The partitioning column(s) cannot be written to Iceberg, as they are already specified in the partition path. The above example drops them from the Deephaven tables before writing.

Check the write operations

Deephaven currently only supports appending data to Iceberg tables. Each append operation creates a new snapshot. When multiple tables are written in a single append call, all tables are written in the same snapshot.

Similarly, you can also write to a partitioned Iceberg table by providing the exact partition path where each Deephaven table should be appended. See IcebergWriteInstructions for more information.

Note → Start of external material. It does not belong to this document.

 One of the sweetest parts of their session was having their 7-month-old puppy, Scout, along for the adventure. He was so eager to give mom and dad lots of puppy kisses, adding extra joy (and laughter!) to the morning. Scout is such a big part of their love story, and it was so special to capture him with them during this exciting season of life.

Check that the operations worked by reading the Iceberg tables back into Deephaven using the same table adapter:

source_from_iceberg = source_adapter.table()
source_from_iceberg_partitioned = source_adapter_partitioned.table()

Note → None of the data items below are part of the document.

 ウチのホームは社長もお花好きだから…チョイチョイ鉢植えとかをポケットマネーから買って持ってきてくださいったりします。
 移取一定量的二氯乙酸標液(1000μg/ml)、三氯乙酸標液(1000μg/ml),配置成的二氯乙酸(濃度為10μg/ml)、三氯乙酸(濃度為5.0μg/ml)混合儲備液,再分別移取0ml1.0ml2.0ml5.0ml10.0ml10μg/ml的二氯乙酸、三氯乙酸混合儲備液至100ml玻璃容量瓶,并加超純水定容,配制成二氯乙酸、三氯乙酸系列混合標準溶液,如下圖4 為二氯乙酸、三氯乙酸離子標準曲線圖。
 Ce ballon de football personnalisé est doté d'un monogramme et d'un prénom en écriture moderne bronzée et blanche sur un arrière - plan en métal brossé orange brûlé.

Custom Iceberg instructions

You can specify custom instructions when creating an IcebergReadInstructions instance. Each subsection below covers a different custom instruction that can be passed in when reading Iceberg tables.

Refreshing Iceberg tables

Deephaven also supports refreshing Iceberg tables. The IcebergUpdateMode class specifies three different supported update modes:

  • Static
  • Refreshed manually
  • Refreshed automatically

This guide already looked at static Iceberg tables. For Iceberg tables that can be refreshed manually and automatically, the following code block creates an instance of each mode:

manual_refresh_mode = iceberg.IcebergUpdateMode.manual_refresh()
auto_refresh_mode_60s = iceberg.IcebergUpdateMode.auto_refresh()
auto_refresh_mode_30s = iceberg.IcebergUpdateMode.auto_refresh(auto_refresh_ms=30000)

# Manually refreshing
manual_refresh_instructions = iceberg.IcebergReadInstructions(
update_mode=manual_refresh_mode
)

# Automatically refreshing every minute
auto_refresh_instructions_60s = iceberg.IcebergReadInstructions(
update_mode=auto_refresh_mode_60s
)

# Automatically refreshing every 30 seconds
auto_refresh_instructions_30s = iceberg.IcebergReadInstructions(
update_mode=auto_refresh_mode_30s
)

Table definition

You can specify the resultant table definition when building IcebergReadInstructions. This is useful when Deephaven cannot automatically infer the correct data types for an Iceberg table. The following code block defines a custom table definition to use when reading from Iceberg:

from deephaven.experimental import iceberg
from deephaven import dtypes as dht

def_instructions = iceberg.IcebergReadInstructions(
table_definition={
"ID": dht.long,
"Timestamp": dht.Instant,
"Operation": dht.string,
"Summary": dht.string,
}
)

Column renames

You can rename columns when reading from Iceberg as well:

from deephaven.experimental import iceberg

iceberg_instructions_renames = iceberg.IcebergReadInstructions(
column_renames={
"tpep_pickup_datetime": "PickupTime",
"tpep_dropoff_datetime": "DropoffTime",
"passenger_count": "NumPassengers",
"trip_distance": "Distance",
},
)

Snapshot ID

You can tell Deephaven to read a specific snapshot of an Iceberg table based on its snapshot ID:

from deephaven.experimental import iceberg

snapshot_instructions = iceberg.IcebergReadInstructions(snapshot_id=6738371110677246500)

Next steps

This guide presented a basic example of interacting with an Iceberg catalog in Deephaven. These examples can be extended to include more complex queries, catalogs with multiple namespaces, snapshots, custom instructions, and more.